Two kinds of Kale to grow, what luxury!
Two kinds of Kale to grow, what luxury!

I hope that you’ve been able to avoid the late-winter blahs. I find that the early winter holidays and then the determination to stick to a resolution help us get through early and mid-winter, but after February, it gets difficult to remember why anything but camping-out under the covers and waiting for Spring is important. Whenever I’m tempted to use a silly excuse to justify avoiding my workouts, I remind myself of how guilty and sluggish I feel after skipping-out on exercise, and how even just a little tiny bit of exercise makes me come out ahead of where I would be if I didn’t do any at all.

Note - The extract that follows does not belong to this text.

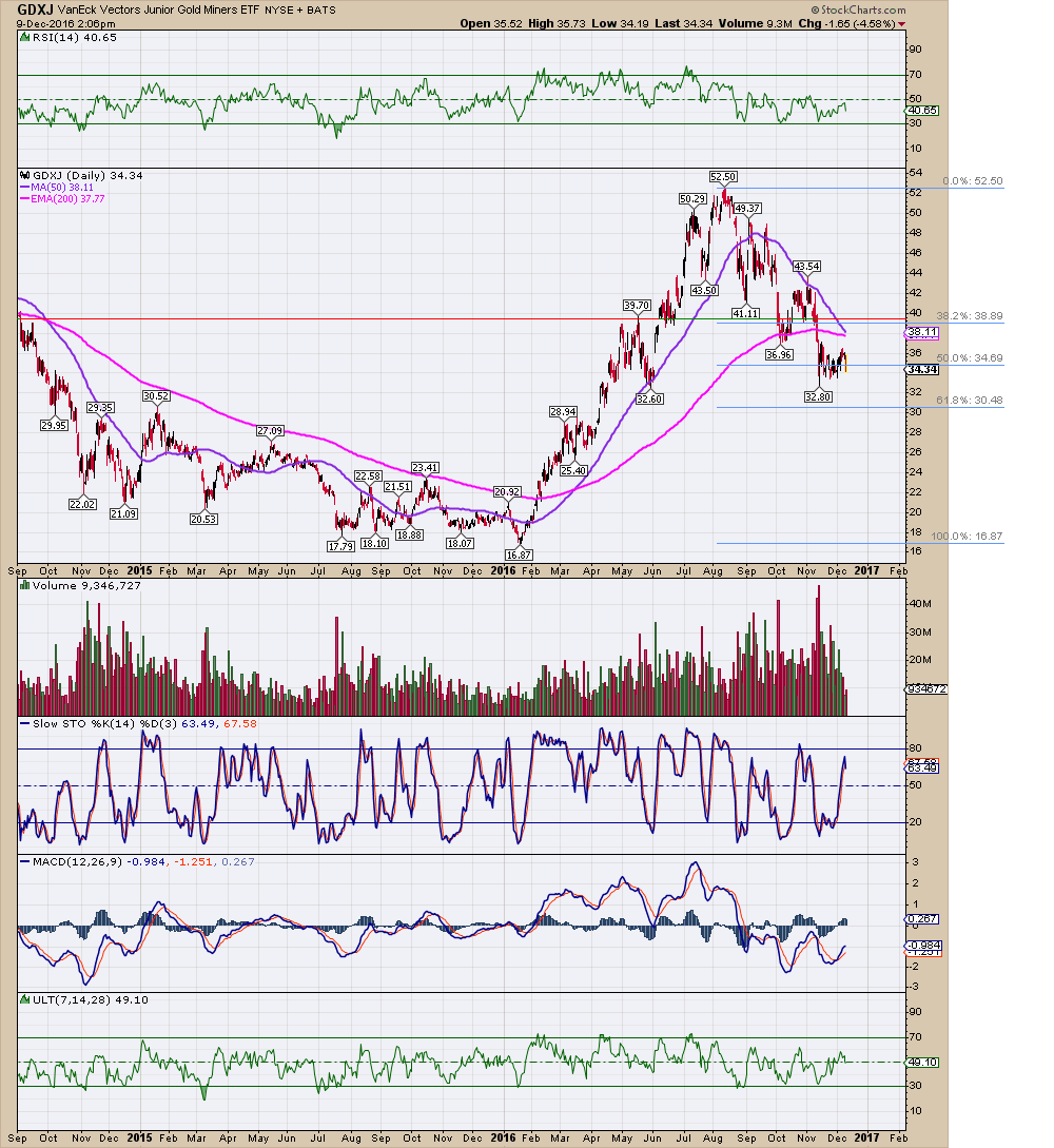 „The technicals argue that both Gold and gold mining stocks could drop a tiny bit more before starting a rebound. It would not surprise me if the sector is soft into or even immediately after the coming Federal Reserve rate hike. Once that passes, the sector could be in position to rally as expected...“

I’ve just rolled out of bed and every part of my body is stiff or sore. Yesterday was cardio day and I spent some quality time on both the treadmill and the stationary bike (read: full-blown ‘tomato-face’ and lots of sweat!); the day before was legs day so I squatted, pressed, and lunged until I thought my legs would snap off. Getting back into the swing of things after vacation has been rough, but I’m finally feeling like I’ve found my groove.

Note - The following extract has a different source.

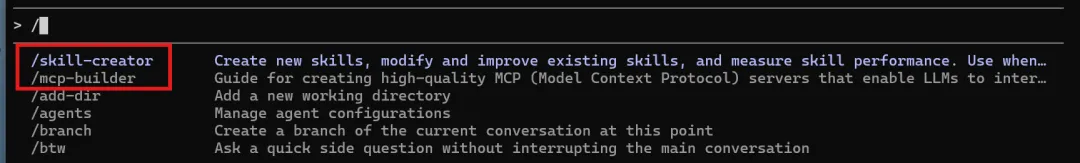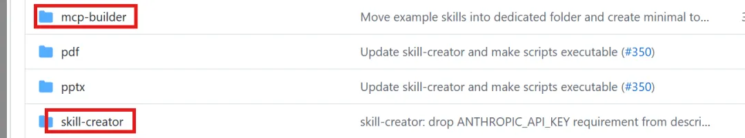 Anthropic提供了专门用于编写 skill(skill-creator) 和 mcp(mcp-builder)的skill。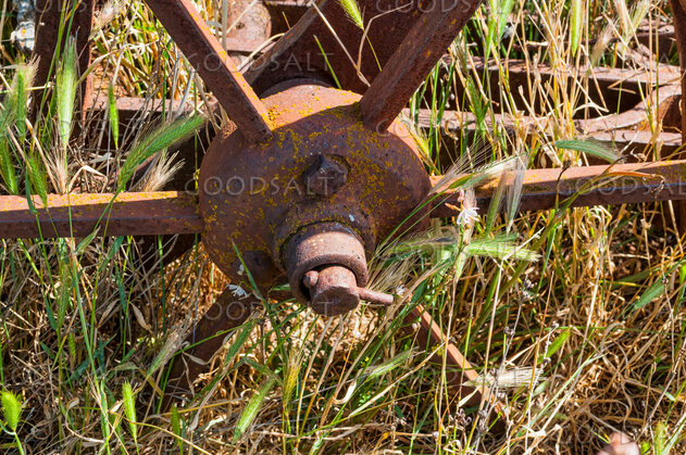 Abandoned rusty farm machinery in the wild flowers and stark environment outside historic old town. by Mal Austin

Tonight I have to head straight from the library to a function for Don’s work. The bad news is that my most flattering and most favorite dress which I last wore in December was accidentally given to somebody else by the dry-cleaners (they are still awaiting a response from this someone, I’m about to give up hope of every seeing this marvelous dress again). Since  my go-to dress is MIA, I’ve had to do some rummaging in my closet for something that is both work-appropriate and dressy enough for a corporate dinner and the only thing I could come up with was the infamous grey Calvin Klein dress that I have previously referred to as ‘the dress that broke the camel’s back.’ A year ago (almost exactly, in fact), I tried to wear this dress to a similar function without success; try as I might, I could not get the zipper to close more than a couple of inches. It was a really hard moment, but one that was ultimately for the better because it kick-started my dedication to better health, and THIS time, one year later, when I slipped the dress over my head and said a silent prayer to the Gods of the Greased Zipper, the dress fit! No tugging, no fussing, no holding my breath as someone else yanked, two-handed, on the zipper pull, it just fit. This is actually better than good news, it’s great news! I will post a photo later, I promise.